The results of this study indicate that the use of CDSSs in cardiovascular patients has a positive effect on a number of outcomes such as adherence to drug use by patients and following a nutrition-based diet in the Mediterranean [18, 19]. Similarly, according to clinical guidelines and reminders, the study by Schedlbauer et al. evaluated the effect of CDSS on cardiovascular patient outcome as positive [59]. The reason for low Mediterranean diet adherence was the delivery of a short message outlining the advantages of the Mediterranean diet, which resulted in an improved conformity level [18, 19].

The study also showed that the use of CDSS in cardiovascular patients did not affect patient outcomes such as readmission rate, mortality or smoking cessation [18, 19]. Similarly, Simpson et al.'s study findings indicate that accurate compliance with the Short Message System (SMS) reduces mortality risk and has improved health outcomes in close relationship with patients [60]. One of the reasons for the negligible reduction in mortality is the short duration of the study, small sample size, and inability to identify causes of mortality [18, 19]. Study results show that using CDSS in patients with hypertension in adherence to clinical guidelines and laboratory tests has a positive effect on physician behavior [22]. Zwart et al.'s study was consistent with the results of this study and assessed the impact of CDSS on adherence to clinical guidelines to be effective in improving treatment for pregnant women with hypertensive disorders [61]. In addition, physicians’ awareness about special care during pregnancy for hypertension results in more patient care and adherence to CDSS [22].

Based on the results of this research, use of CDSS in diabetic patients has a positive effect on physicians’ performance in a number of outcomes such as adjusting the form of insulin, improving the quality of decision-making about statin prescription [23, 24, 27]. The findings of Den Ouden et al. and Mann et al. studies are consistent with the results of our research, which suggest physicians' strong adherence to CDSS, enhanced statin prescribing, and improved quality of care [62, 63]. In fact, the CDSS can dynamically recommend the insulin dose based on the rounds of previous days, the type of insulin injected and the glucose level of the patient on the day before [23, 24, 27].
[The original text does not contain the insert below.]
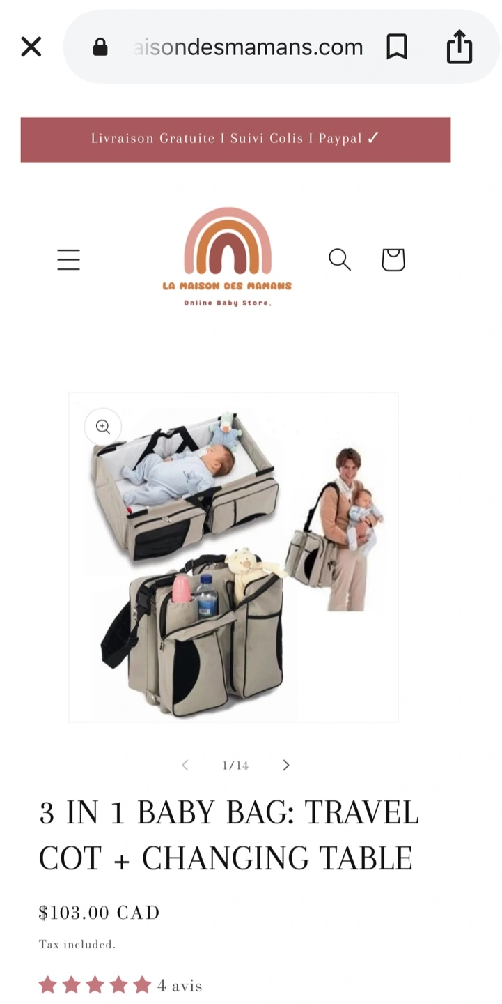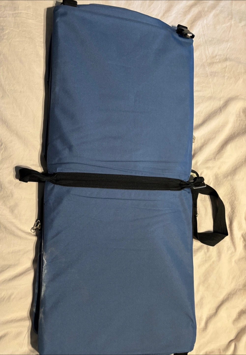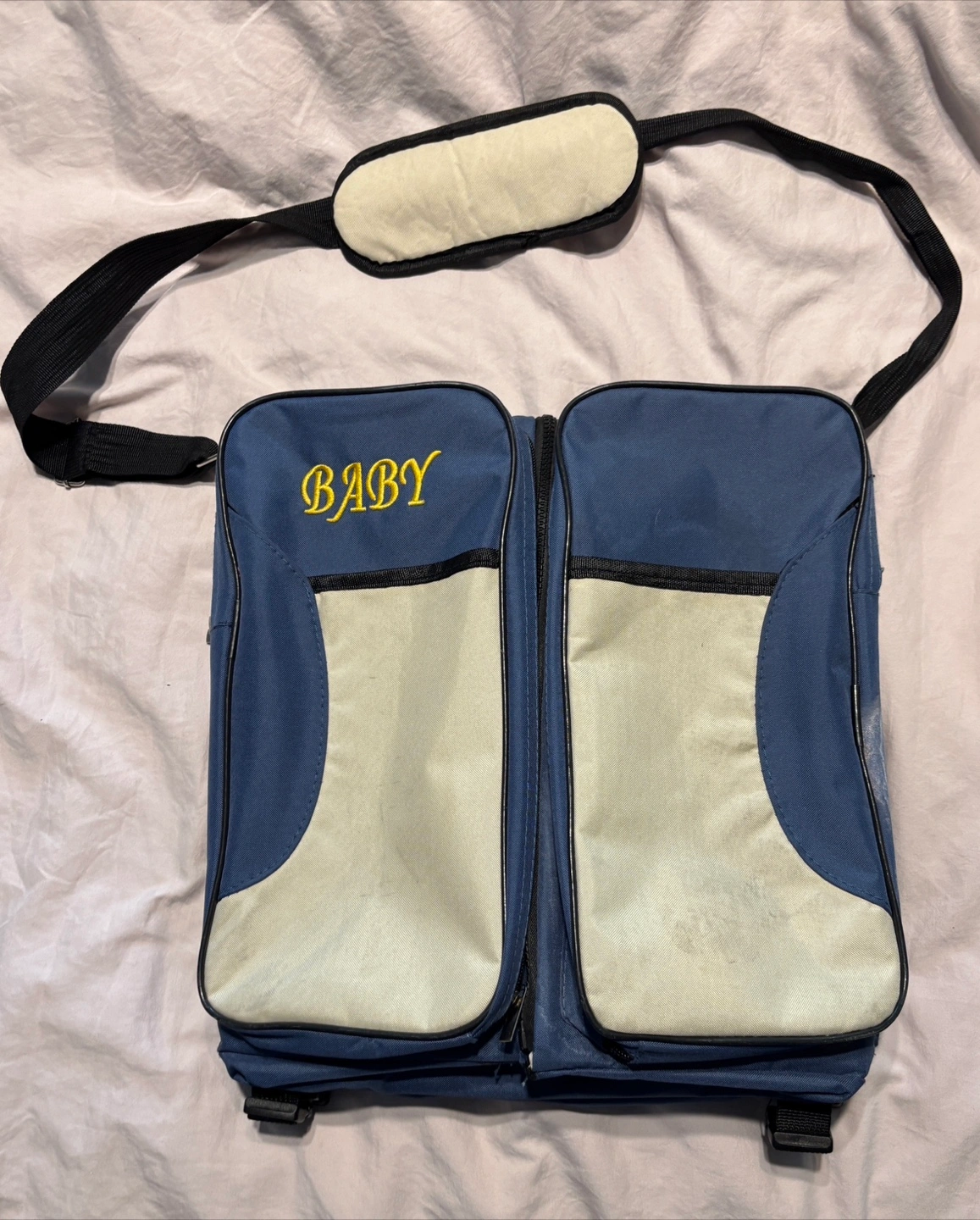 97Blue and beige portable baby bassinet. Folds flat for easy storage and transport. Multiple pockets for storage. Shoulder strap included. Ideal for travel, camping, etc

The results of this study indicate that the use of CDSS in diabetic patients has a positive effect on a variety of patient outcomes such as adherence to the nutritional diet of patients with diabetes type two and taking the missed dose of medication [25, 26]. The results of this study are consistent with Vervloet et al. and Krishna et al.'s systematic review of the positive effect of CDSS fitted with alerts on patients with diabetes, assessed and published [64, 65]. The main reason for the effect of CDSS on improving patient adherence was that it caused awareness and greater precision of patients in taking medication. [25, 26].

The results of this study show that the use of CDSS in digestive disorders has a positive effect on the physicians’ performance in a number of outcomes such as the standard use of oral rehydration solution, the prescription of non-steroidal anti-inflammatory drugs and proton pump inhibitors in normal and high-risk patients, and the provision of care services in line with the guidelines for primary care [28–30]. The results of this study are consistent with the findings of Nicastro reporting the positive effects of the system on the behavior of physicians such as adherence to clinical guidelines and prescription of drugs [66]. The reason for the positive effect of CDSS on the prescribing of non-steroidal anti-inflammatory drugs and proton pump inhibitors in healthy and high-risk patients and the use of oral rehydration solution was the systems’ recommendations relating to the above-mentioned drugs and their previous knowledge [28–30].

The results of this study also showed that use of CDSS in respiratory patients in some cases such as physician self-efficacy in the management of chronic respiratory patients has a positive effect on physicians’ performance and reduced antibiotic prescription [31–35]. The results of this study are consistent with the findings of Mcdermott et al. and Butler et al., noticing with the help of clinical guidelines the positive effect of CDSS on the self-efficacy of physicians in managing chronic respiratory patients and reducing prescription of antibiotics [67, 68]. The reason for the system's positive effect on the self-efficacy of physicians was their tendency to cooperate in decision-making and not to receive mandatory CDSS recommendations [31–35].

The results of this study show that the use of CDSS in respiratory patients has a positive effect on some patient outcomes such as reduced antibiotic resistance and a reduction in antibiotic prescription [31, 36]. Similarly, Steinman and Hebert studies show reduced antibiotic resistance [69, 70]. The explanation for the effect of CDSS in reducing irrational prescription of antibiotics and reducing resistance was the patient-physicist collaboration with the aid of CDSS guidance which played a significant role in the prescription of drugs [31, 36].

The study results indicate that the use of CDSS for appendicitis has a positive effect on the physicians’ performance in certain outcomes such as performance, quality and safety with the aid of the physician's computerized order entry [38]. The results of this study are in line with Holden's report, which explores how doctors who use the order entry system get more easily up-to-date information and boost the system's ability to use it [71]. Although prescriptions are not strong in terms of content, errors are reduced as they cause doctors to think about the cases and the data are not selected automatically [38].

The results also show that use of CDSS in kidney patients has a positive effect on the behavior of the physician in some outcomes such as reduced dosage of inadequately prescribed drug and improved rate of adequate prescription [39, 40]. Such findings are consistent with Bates et al. and Chertow et al. studies, showing the positive effect of CDSS alerts in modifying insufficient prescriptions and increasing the recommended level of inadequate dosage [72, 73]. Timeliness of the CDSS alerts was among reasons for the success of CDSS in prescribing adequate drugs and correct dosage [39, 40].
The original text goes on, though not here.